Supplied entries
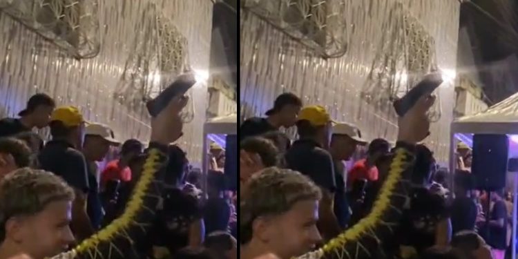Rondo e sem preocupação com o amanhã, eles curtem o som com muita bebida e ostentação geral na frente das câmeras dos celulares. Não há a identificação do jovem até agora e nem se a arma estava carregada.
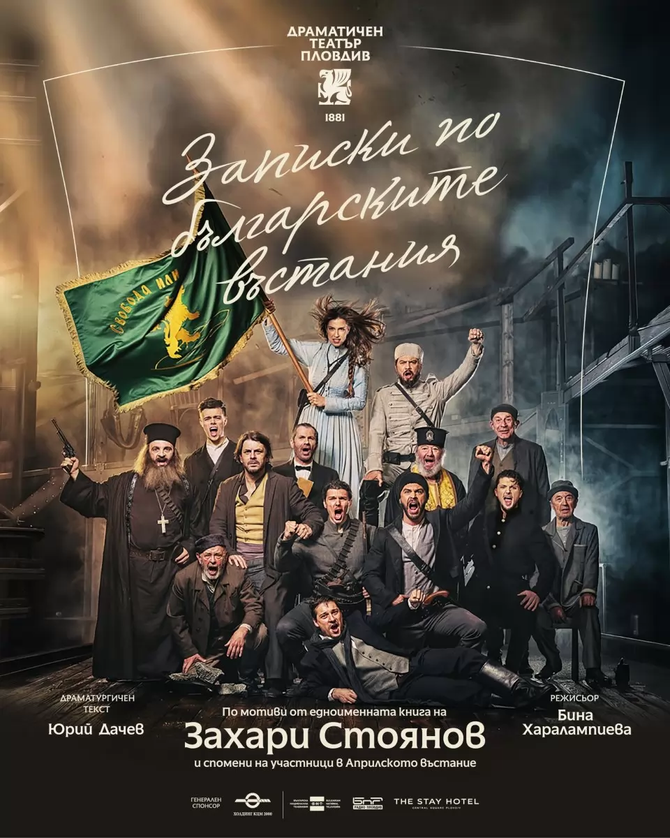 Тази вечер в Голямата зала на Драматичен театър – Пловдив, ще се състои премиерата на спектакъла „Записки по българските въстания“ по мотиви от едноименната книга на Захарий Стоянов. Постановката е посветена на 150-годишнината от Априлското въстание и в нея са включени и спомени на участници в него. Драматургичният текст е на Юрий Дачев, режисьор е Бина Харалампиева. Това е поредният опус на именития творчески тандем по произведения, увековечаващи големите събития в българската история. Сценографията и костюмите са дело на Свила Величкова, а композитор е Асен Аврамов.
---
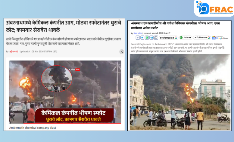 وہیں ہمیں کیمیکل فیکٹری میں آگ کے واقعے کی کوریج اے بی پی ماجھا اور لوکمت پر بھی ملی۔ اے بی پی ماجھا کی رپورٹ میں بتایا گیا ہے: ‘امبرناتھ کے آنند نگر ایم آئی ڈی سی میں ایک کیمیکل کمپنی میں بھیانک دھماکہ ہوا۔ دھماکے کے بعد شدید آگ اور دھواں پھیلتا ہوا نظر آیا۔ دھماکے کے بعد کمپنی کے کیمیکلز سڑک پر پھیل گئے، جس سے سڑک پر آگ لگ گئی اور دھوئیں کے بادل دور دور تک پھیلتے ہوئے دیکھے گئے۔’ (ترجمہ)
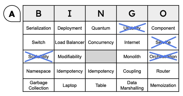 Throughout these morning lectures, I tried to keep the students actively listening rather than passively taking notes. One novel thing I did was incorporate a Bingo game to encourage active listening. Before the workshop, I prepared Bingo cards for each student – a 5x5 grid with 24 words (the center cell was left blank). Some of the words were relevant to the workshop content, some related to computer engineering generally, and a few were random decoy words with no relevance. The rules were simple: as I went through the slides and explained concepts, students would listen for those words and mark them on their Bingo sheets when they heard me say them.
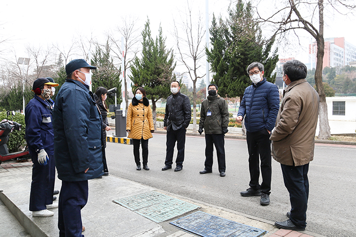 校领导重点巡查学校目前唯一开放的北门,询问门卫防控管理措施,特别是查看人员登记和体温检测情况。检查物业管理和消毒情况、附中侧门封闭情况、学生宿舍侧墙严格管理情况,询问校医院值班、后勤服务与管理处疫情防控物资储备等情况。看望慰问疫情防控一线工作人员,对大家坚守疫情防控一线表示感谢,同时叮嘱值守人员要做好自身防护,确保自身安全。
---
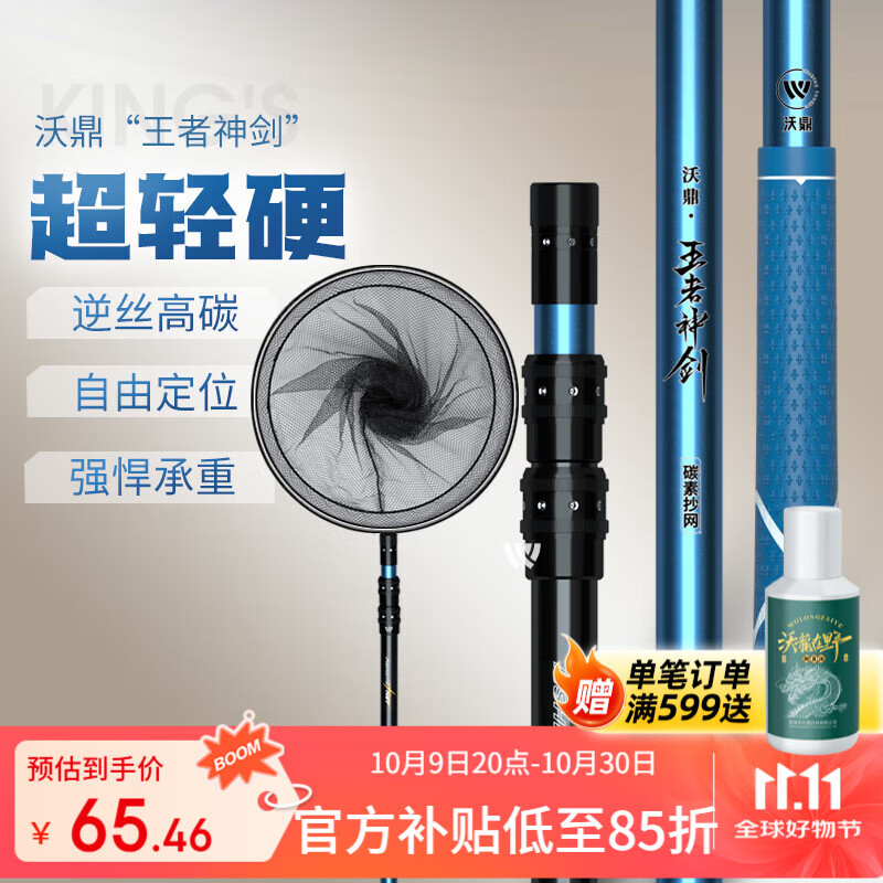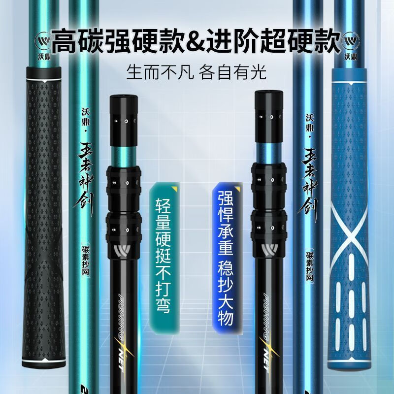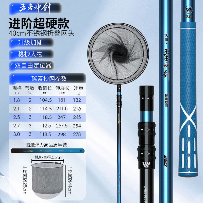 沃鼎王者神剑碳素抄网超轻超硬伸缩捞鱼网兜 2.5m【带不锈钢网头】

Exercise
Give again the lines of the listing above that run from the one with "Throughout these morning" up to and including the one with "校领导重点巡查学校目前唯一开". Keep them exact and omit the pictures.

Response for this exercise
 Throughout these morning lectures, I tried to keep the students actively listening rather than passively taking notes. One novel thing I did was incorporate a Bingo game to encourage active listening. Before the workshop, I prepared Bingo cards for each student – a 5x5 grid with 24 words (the center cell was left blank). Some of the words were relevant to the workshop content, some related to computer engineering generally, and a few were random decoy words with no relevance. The rules were simple: as I went through the slides and explained concepts, students would listen for those words and mark them on their Bingo sheets when they heard me say them.
 校领导重点巡查学校目前唯一开放的北门,询问门卫防控管理措施,特别是查看人员登记和体温检测情况。检查物业管理和消毒情况、附中侧门封闭情况、学生宿舍侧墙严格管理情况,询问校医院值班、后勤服务与管理处疫情防控物资储备等情况。看望慰问疫情防控一线工作人员,对大家坚守疫情防控一线表示感谢,同时叮嘱值守人员要做好自身防护,确保自身安全。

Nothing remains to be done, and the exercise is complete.